I’m experiencing screen freezes/lock-ups more than occasionally when I’m extracting video file for burning onto a blank DVD and or when I’m restoring my systems via .tgz archive files. These problems seem to have stemmed over the past 3 months for some reason.
I thought it might be defective memory, but I ran Memtest yesterdasy for 9 hours and it returned no errors. Any ideas as to what might be causing the problem. The problem only seems to occur when I carry out the two above-described tasks - the rest of the time everything works fine on both my Linux distros. Any ideas where to troubleshoot next? My own view now is that the problem is linked to the power supply starting to fail.

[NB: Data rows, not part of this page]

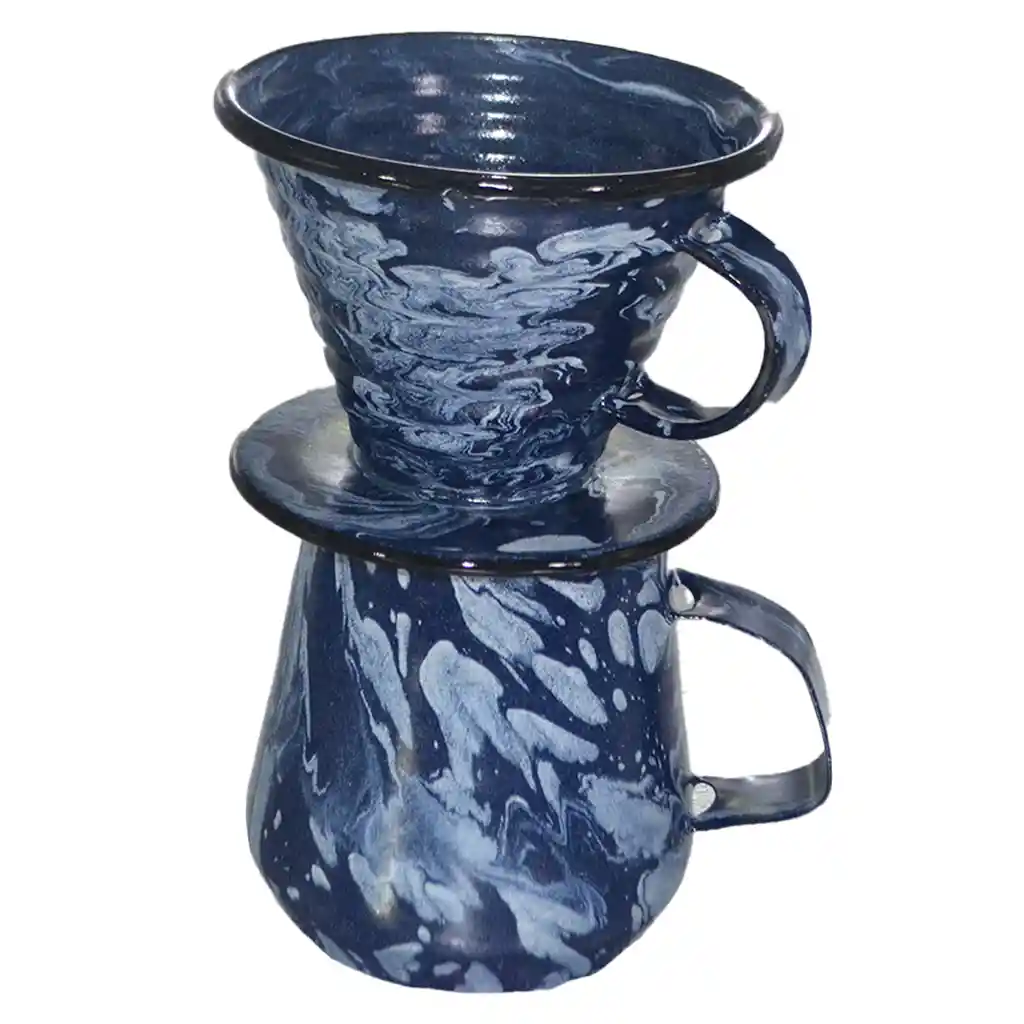 Nuestro dripper Valkyrja es un novedoso método para filtrar café. Está fabricado con 3 baños de peltre, material reconocido por sus propiedades de asepsia. El peltre no conduce ni sabores ni olores propiedades que hacen de este método perfecto para obtener una taza limpia y pura, por estas cualidades puedes lavar nuestros productos con cualquier tipo de jabón comercial sin preocuparte por que se transfieran sabores u olores. Valkyrja cuenta con un cuerpo cónico y estrías de manera horizontal sobre el cono que nos ayudan a oxigenar la bebida, lo que permite que el agua tenga una mejor fluidez. El fondo del método es plano y cuenta con 18 perforaciones permitiendo que el café no se repose y podamos tener una extracción perfecta. La oreja tiene un agarre cómodo y un diseño que no transfiere el calor, reduciendo el riesgo de accidentes y quemaduras. El dripper Valkyrja nos brinda una taza nivelada y limpia, resaltando el dulzor y guardando una acidez media en la bebida. Valkyrja nos recuerda a los utensilios de cocina que en algún tiempo utilizaban nuestros ancestros, esto le da una estética vintage y versátil que le permite combinar con cualquier espacio. ¡Úsalo con distintos tipos de filtro! Puedes preparar tú café favorito con cualquier filtro comercial para V60, Melitta, Chemex o Espro. Su forma y tamaño le permiten ser un método muy versátil en taza, nos da la posibilidad de tener una taza con un sabor único. Valkyrja se caracteriza por revelar sabores ocultos en nuestras preparaciones y dejar su sello en las bebidas. El server tiene una capacidad de 600 ml, está fabricada con el mismo material y procesos que Valkyrja. Sus colores combinan perfectamente, hacen de este set un perfecto regalo para una persona especial. Producto 100% fabricado en Colombia. Medidas dripper. Diámetro: 12.5 cm Alto: 10 cm Medidas server. Diámetro: 9.5 cm Alto: 11.5 cm
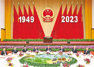 人民大会堂宴会厅华灯璀璨、鲜花绽放,洋溢着喜庆热烈的节日氛围。主席台上方高悬着庄严的国徽,“1949—2023”大字年号在鲜艳的红旗映衬下格外醒目。
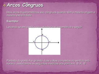 1) O documento descreve as características de uma circunferência trigonométrica, incluindo sua definição, convenções e propriedades.
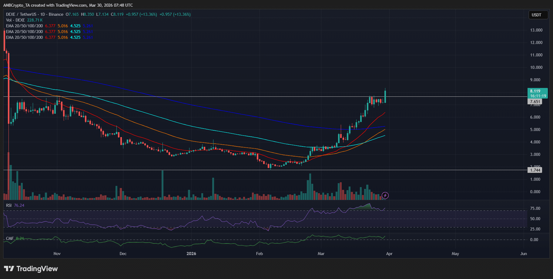 DEXE menunjukkan momentum yang kuat, dengan RSI berkisar di sekitar 76.24, sementara CMF di 0.21 menunjukkan arus masuk modal yang stabil. Saat harga menguji kisaran $8.1–$8.3, keuntungan lebih lanjut bergantung pada kekuatan pembelian yang berkelanjutan.
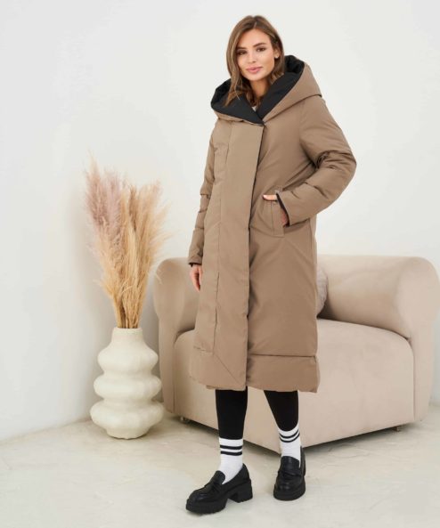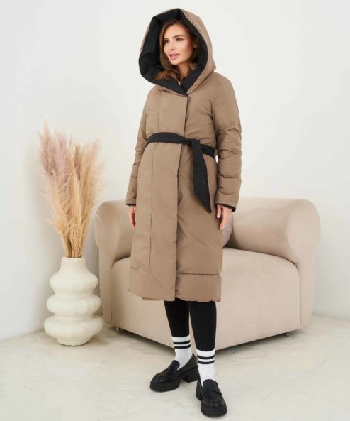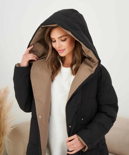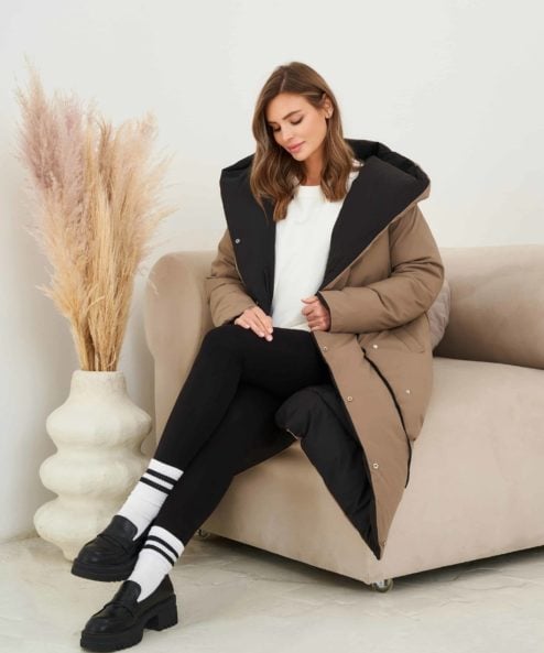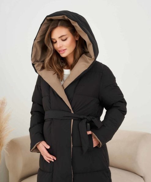 Невероятно теплое и стильное зимнее пальто, которое подойдет на весь срок беременности и после. Приятный бонус — можно надевать черной либо бежевой стороной — под ваше настроение и образы. Детали: вместительные карманы с обоих сторон, пояс в комплекте, кнопки, объемный капюшон.

Make sure you’re running DMA on all devices. Otherwise, if you’re using PIO, it will cripple your system performance by flooding the system buss. /sbin/hdparm -i /dev/hd*… assuming you have IDE devices and that you have the privileges to run hdparm. Please post the results.
Password:
root@Home:/home/david# UDMA modes: udma0 udma1 *udma2
bash: UDMA: command not found
root@Home:/home/david# AdvancedPM=no
root@Home:/home/david# Drive conforms to: Unspecified: ATA/ATAPI-4 ATA/ATAPI-5 ATA/ATAPI-6 ATA/ATAPI-7
bash: Drive: command not found
root@Home:/home/david#
root@Home:/home/david# * signifies the current active mode
bash: David Hardcastle: command not found
root@Home:/home/david#
root@Home:/home/david#
root@Home:/home/david# /dev/hdd:
bash: /dev/hdd:: No such file or directory
root@Home:/home/david#
root@Home:/home/david# Model=LITE-ON LTR-40125W, FwRev=WS05, SerialNo=
bash: LTR-40125W,: command not found
root@Home:/home/david# Config={ Fixed Removeable DTR<=5Mbs DTR>10Mbs nonMagnetic }
bash: =5Mbs: No such file or directory
root@Home:/home/david# RawCHS=0/0/0, TrkSize=0, SectSize=0, ECCbytes=0
root@Home:/home/david# BuffType=unknown, BuffSize=0kB, MaxMultSect=0
root@Home:/home/david# (maybe): CurCHS=0/0/0, CurSects=0, LBA=yes, LBAsects=0
bash: syntax error near unexpected token `:'
root@Home:/home/david# IORDY=yes, tPIO={min:227,w/IORDY:120}, tDMA={min:120,rec:120}
root@Home:/home/david# PIO modes: pio0 pio1 pio2 pio3 pio4
bash: PIO: command not found
root@Home:/home/david# DMA modes: mdma0 mdma1 mdma2
bash: DMA: command not found
root@Home:/home/david# UDMA modes: udma0 udma1 *udma2
bash: UDMA: command not found
root@Home:/home/david# AdvancedPM=no
root@Home:/home/david#
root@Home:/home/david# * signifies the current active mode
bash: David Hardcastle: command not found
root@Home:/home/david#
root@Home:/home/david# root@Home:/home/david#
Whatever you posted there, you did something wrong executing the command I suggested; it looks like you pasted the output into a terminal. That said, I think I’ve gleaned enough info from that to determine that you are using UDMA2 on both of the devices listed. That’s the best that a 40-conductor ribbon cable can do, so you’re in OK shape there.
Well, since DMA doesn’t seem to be the problem, things can slow down if you try to use a lot more RAM than you actually have, and a dying PSU can cause all kinds of problems for your system (not the least of which is frying all the rest of your hardware). Also, I see that you’re using Maxtor HDDs… those can be bad news also, so if you have a dying HDD, it can cause hiccups also.
I’m starting to think it’s a harware failure of some kind, so thanks for the input. On another tack, I tried (several times) a few weeks back, to try to install XP on my first HD, but I just kept getting BSOD during the setup - that made me think something was wrong - curiousely though, Linux loads on both drives - no problem.
However, I’ll try to find some way of testing the PSU. As for the rest of the hardware ‘geting fried’, well that’s bad news! The PC’s quiet old now, so I guess it might be getting near it’s end.